__PROBLEM__
Would you retype exactly the lines below, from the one containing "民家 屋根が崩れている・・" through the end of the entries, both ends included, but not the pictures?

__RECORDS SUPPLIED__
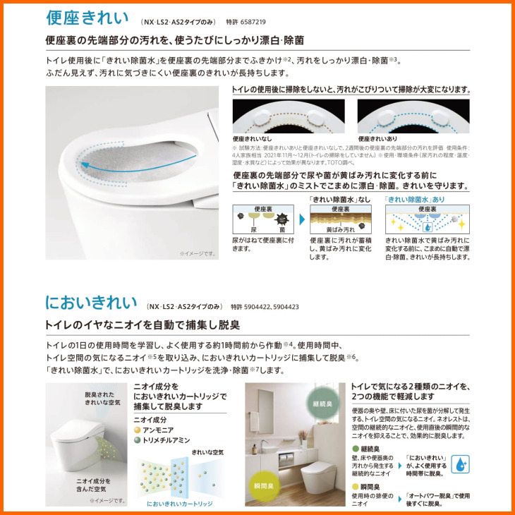 | 商品説明 | 〜TOTO 3つのびっくリーン技術〜 ●使うたび除菌 便器もノズルも便座も、清潔つづく ●汚れツルリン 約1200℃で焼き上げた、ナノレベルになめらかな陶器表面だから、汚れがツルっと落ちてずっときれい ●おそうじ超ラク 凸凹をそぎ落としたカタチで、便器フチ裏もないからサッとひとふき、お手入れカンタン ※商品の詳細につきましてはメーカーHP・カタログでご確認願います ◆本タイプ以外の型・サイズもございます。 ◆トイレの他、システムキッチン・ユニットバス・洗面化粧台等の水廻り商品も取り扱って おります。 ◆オプション等で別途お見積りが必要なケースのお問い合わせは、TEL・FAX・メールにて お気軽にどうぞ! ◆メーカーの定価見積書からもお買い求め頂けます。事前にご連絡の上、FAXまたはメール にてお送り下さい。弊社価格の見積書を作成致します。 ◆サイズ違い等、ショップ上に掲載されていない商品をご希望の方はお問い合わせ下さい。 ⇒クリックで”WEBカタログ”にリンクします |
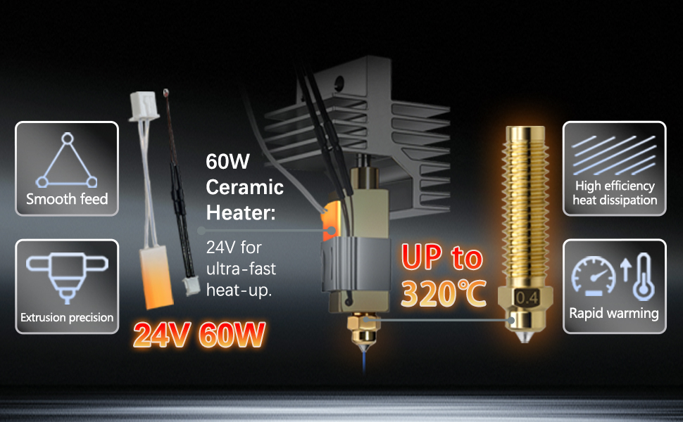 Ceramic Heating + Bimetal Nozzle: A 24V 60W 0.4mm ceramic hotend for Centauri Carbon ensures rapid heat-up, while the 0.4mm bimetal nozzle (withstand up to 320℃) offers superior heat transfer and wear resistance. Compatible with 1.75mm PLA/ABS/PETG/TPU for smooth extrusion
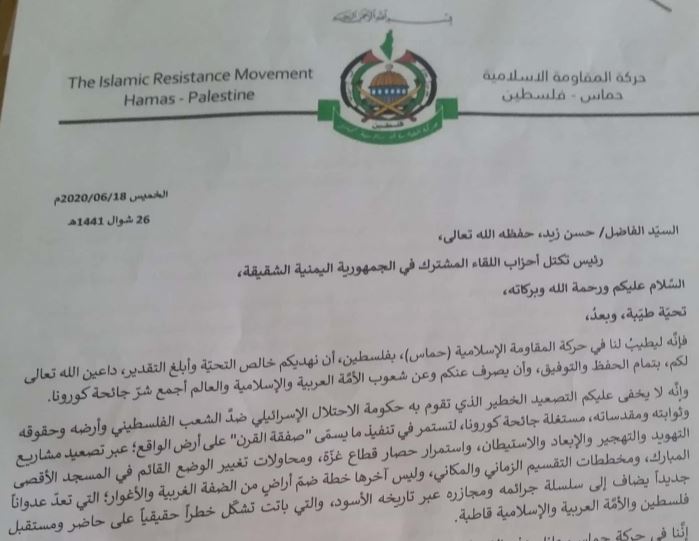 رحب اللقاء المشترك في اجتماعه المنعقد اليوم الخميس برسالة رئيس المكتب السياسي في حركة المقاومة الإسلامية الفلسطينية “حماس” إسماعيل هنية التي بعثها الخميس الموافق 18 يونيو 2020م إلى الأستاذ حسن زيد الرئيس الدوري لتكتل اللقاء المشترك حول التصعيد الخطير الذي يقوم به كيان الاحتلال ضد الشعب الفلسطيني وأرضه وحقوقه ومقدساته من خلال مؤامرة ما تسمى صفقة القرن التي يراد لها أن تنفذ على أرض الواقع عبر تصعيد مشاريع التهويد والتهجير والاستيطان وكذا مخطط ضم أراض من الضفة الغربية والأغوار.
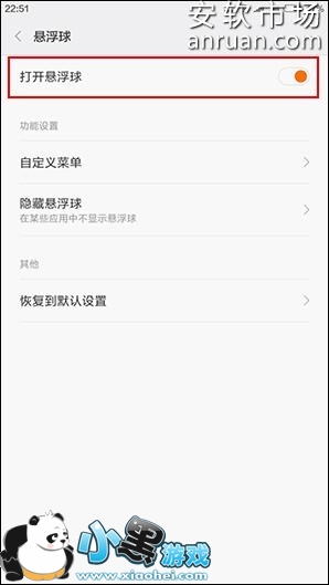 三、最后进入到【悬浮球】设置界面,我们会看到【打开悬浮球】右侧的按钮点击一下即可开启,如图所示。
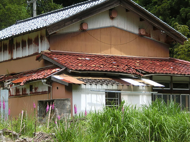 民家 屋根が崩れている・・
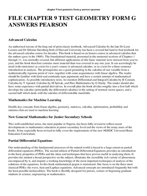 Read Online chapter 9 test geometry form g answers pearson mobipocket
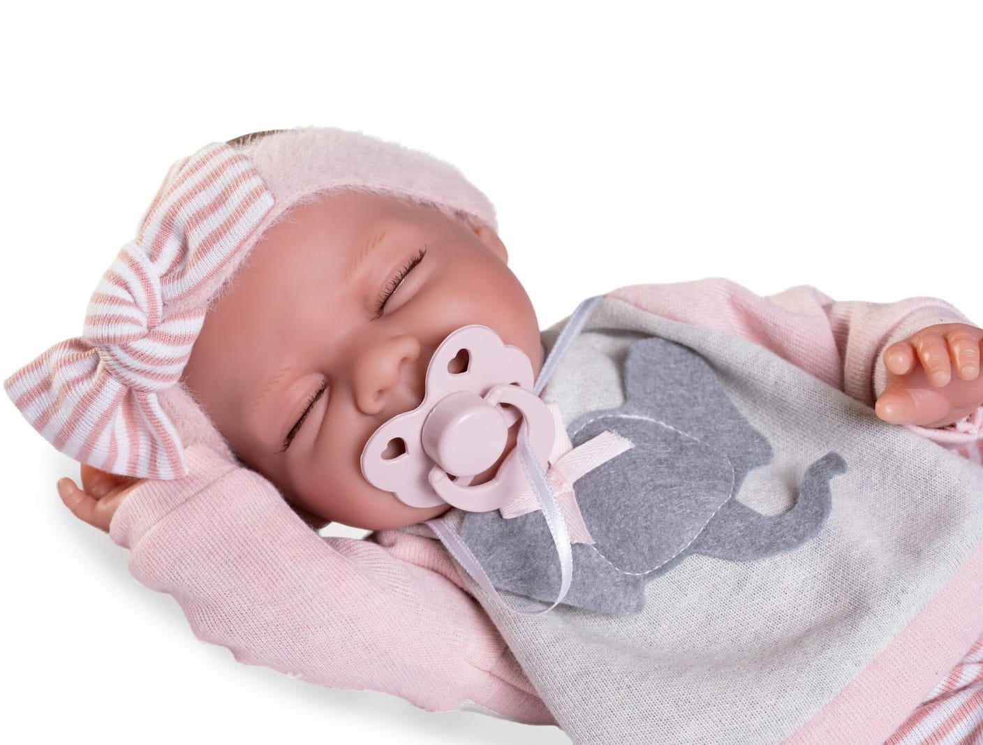 Realistycznie wyglądający bobas posiada wyrzeźbione włoski oraz delikatnie malowane brwi, paznokcie, linie papilarne i fałdki. Baby Toneta od marki Antonio Juan ubrana jest w ciepłą szaro-różową bluzę oraz krótkie spodenki w paseczki. Uroku dodaje aplikacja o kształcie głowy słonia oraz luksusowo prezentująca się opaska na głowę z kokardą. Wszystkie elementy garderoby można łatwo zdjąć, a maleństwo przebrać w inny zestaw ubranek. W zestawie znajduje się także smoczek na tasiemce satynowej.

__RESULT OF THE EXERCISE__
 民家 屋根が崩れている・・
 Read Online chapter 9 test geometry form g answers pearson mobipocket
 Realistycznie wyglądający bobas posiada wyrzeźbione włoski oraz delikatnie malowane brwi, paznokcie, linie papilarne i fałdki. Baby Toneta od marki Antonio Juan ubrana jest w ciepłą szaro-różową bluzę oraz krótkie spodenki w paseczki. Uroku dodaje aplikacja o kształcie głowy słonia oraz luksusowo prezentująca się opaska na głowę z kokardą. Wszystkie elementy garderoby można łatwo zdjąć, a maleństwo przebrać w inny zestaw ubranek. W zestawie znajduje się także smoczek na tasiemce satynowej.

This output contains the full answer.